Assigned task:
Only the pictures are to be dropped; return all other data below exactly.

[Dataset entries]
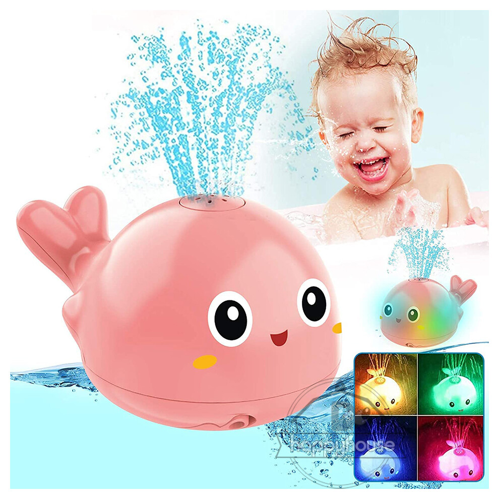 (Pink no base no box) Baby Bath Toys Spray Water Shower Bathing Toys for Kids Electric Whale Bath Ball with Light Music LED Light Toys
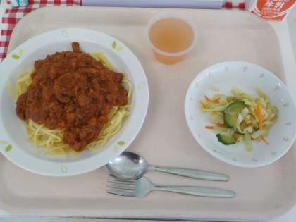本日の給食は、スパゲッティミートソース・オリーブドレッシングサラダ・アセロラゼリー・牛乳です。
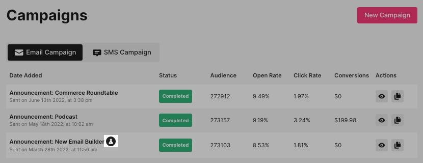 Identify campaigns that ran experiments by the experiment icon next to the campaign name
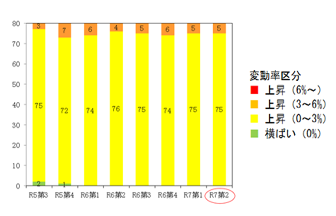 ※地価LOOK レポート(主要都市の高度利用地地価動向報告)とは、国土交通省が、主要都市の高度利用地等を対象に、四半期毎の地価動向を調査し、先行的な地価動向を明らかにするもの。
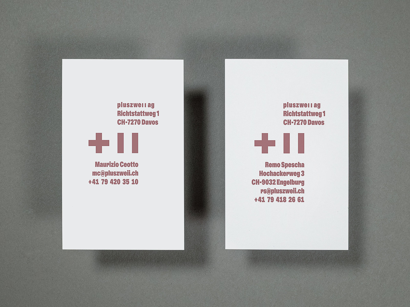 Die beiden Unternehmer Maurizio Ceotto und Remo Spescha gründeten eine neue Firma mit dem Namen pluszweii. Dazu durften wir das animierte Logo und eine kleine Briefschaft gestalten und umsetzen.
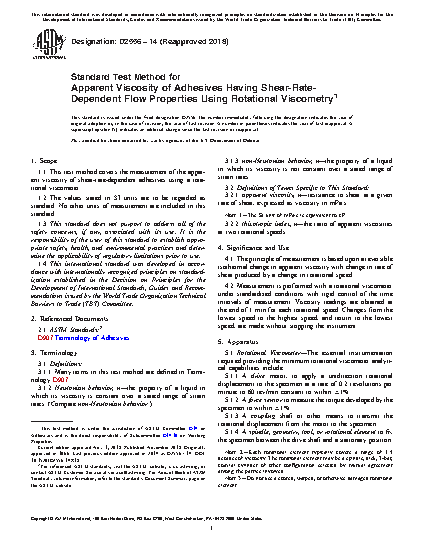 Standard Test Method for Apparent Viscosity of Adhesives Having Shear-Rate-Dependent Flow Properties
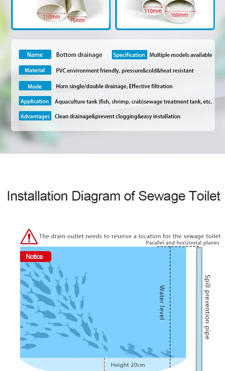 OEM&ODM Professional Drain Device Water Outlet Aquaculture Fish tanks Salt&Fresh Water Accessories Drainage
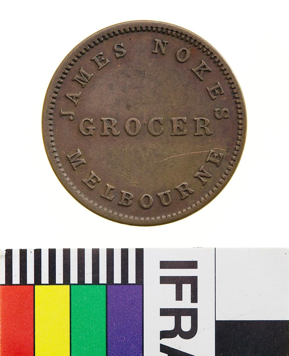 A round copper token (28 mm diameter) giving the name address and business of the issuer: James Nokes, Melbourne, grocer and on the reverse commemorating the arrival of Sir Charles Hotham on 22 June 1854.
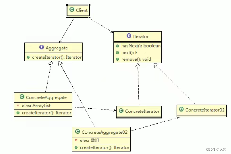 Client: 客户端,通过Iterator和Aggregate依赖子类
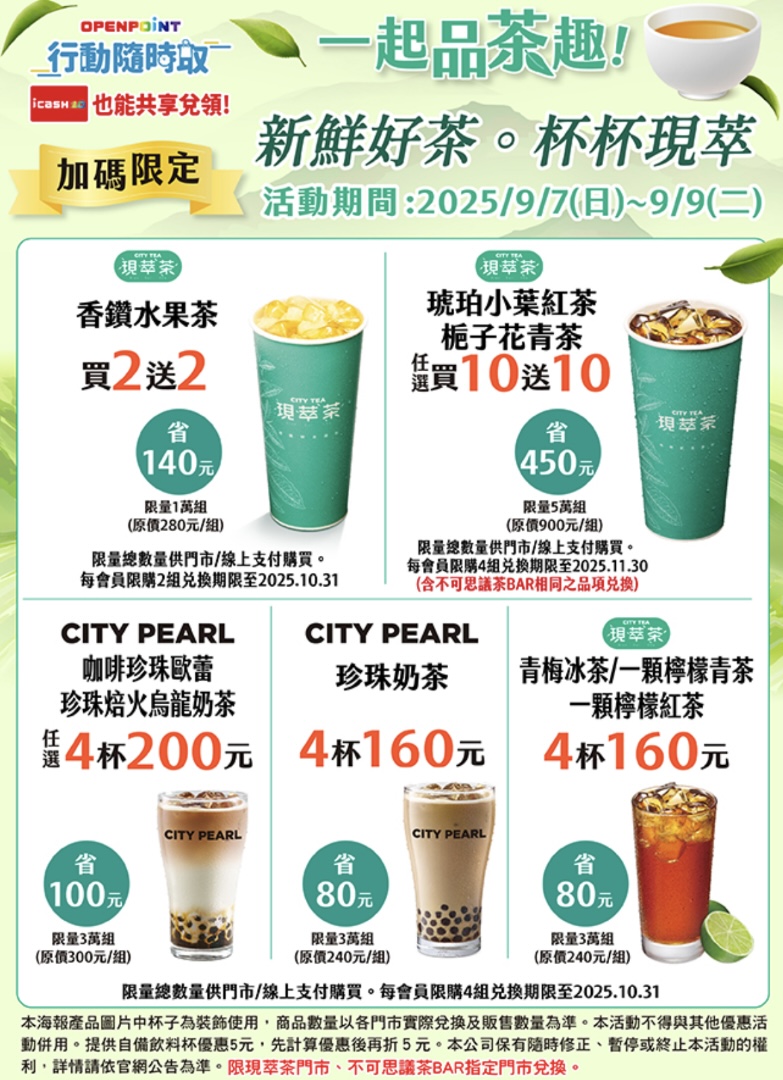 OPENPOINT行動隨時取於9/7~9/9推出每月7號一起品茶趣
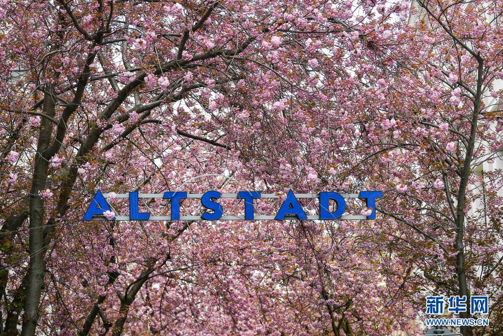 近日,德國西部城市波恩老城區(qū)的櫻花盛開,吸引了許多游人前來觀賞。
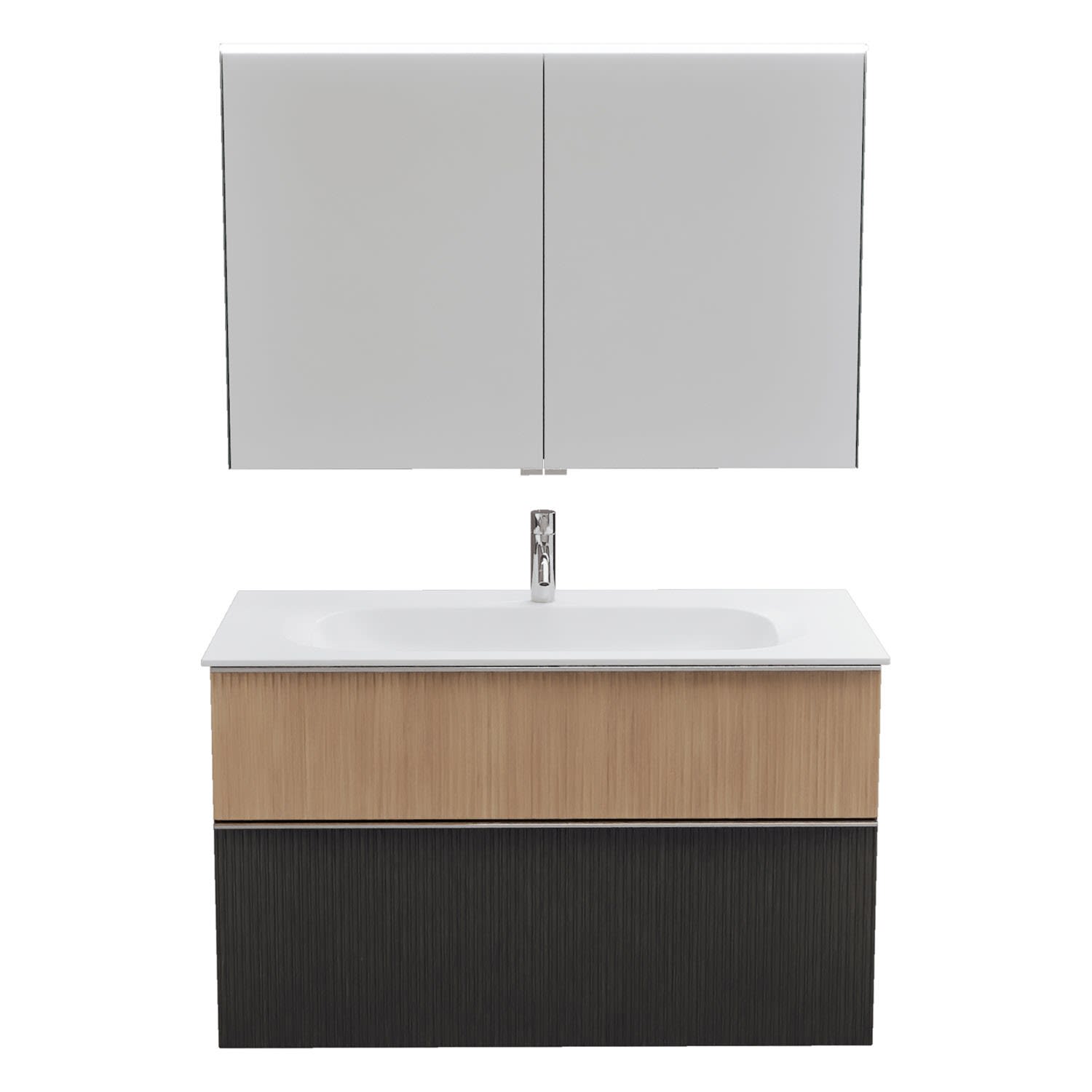 burgbad Fiumo 2.0 Badmöbelset 102 cm mit Waschtisch mit Unterschrank mit Griff G0146 und Spiegelschrank

Solution:
 (Pink no base no box) Baby Bath Toys Spray Water Shower Bathing Toys for Kids Electric Whale Bath Ball with Light Music LED Light Toys
本日の給食は、スパゲッティミートソース・オリーブドレッシングサラダ・アセロラゼリー・牛乳です。
 Identify campaigns that ran experiments by the experiment icon next to the campaign name
 ※地価LOOK レポート(主要都市の高度利用地地価動向報告)とは、国土交通省が、主要都市の高度利用地等を対象に、四半期毎の地価動向を調査し、先行的な地価動向を明らかにするもの。
 Die beiden Unternehmer Maurizio Ceotto und Remo Spescha gründeten eine neue Firma mit dem Namen pluszweii. Dazu durften wir das animierte Logo und eine kleine Briefschaft gestalten und umsetzen.
 Standard Test Method for Apparent Viscosity of Adhesives Having Shear-Rate-Dependent Flow Properties
 OEM&ODM Professional Drain Device Water Outlet Aquaculture Fish tanks Salt&Fresh Water Accessories Drainage
 A round copper token (28 mm diameter) giving the name address and business of the issuer: James Nokes, Melbourne, grocer and on the reverse commemorating the arrival of Sir Charles Hotham on 22 June 1854.
 Client: 客户端,通过Iterator和Aggregate依赖子类
 OPENPOINT行動隨時取於9/7~9/9推出每月7號一起品茶趣
 近日,德國西部城市波恩老城區(qū)的櫻花盛開,吸引了許多游人前來觀賞。
 burgbad Fiumo 2.0 Badmöbelset 102 cm mit Waschtisch mit Unterschrank mit Griff G0146 und Spiegelschrank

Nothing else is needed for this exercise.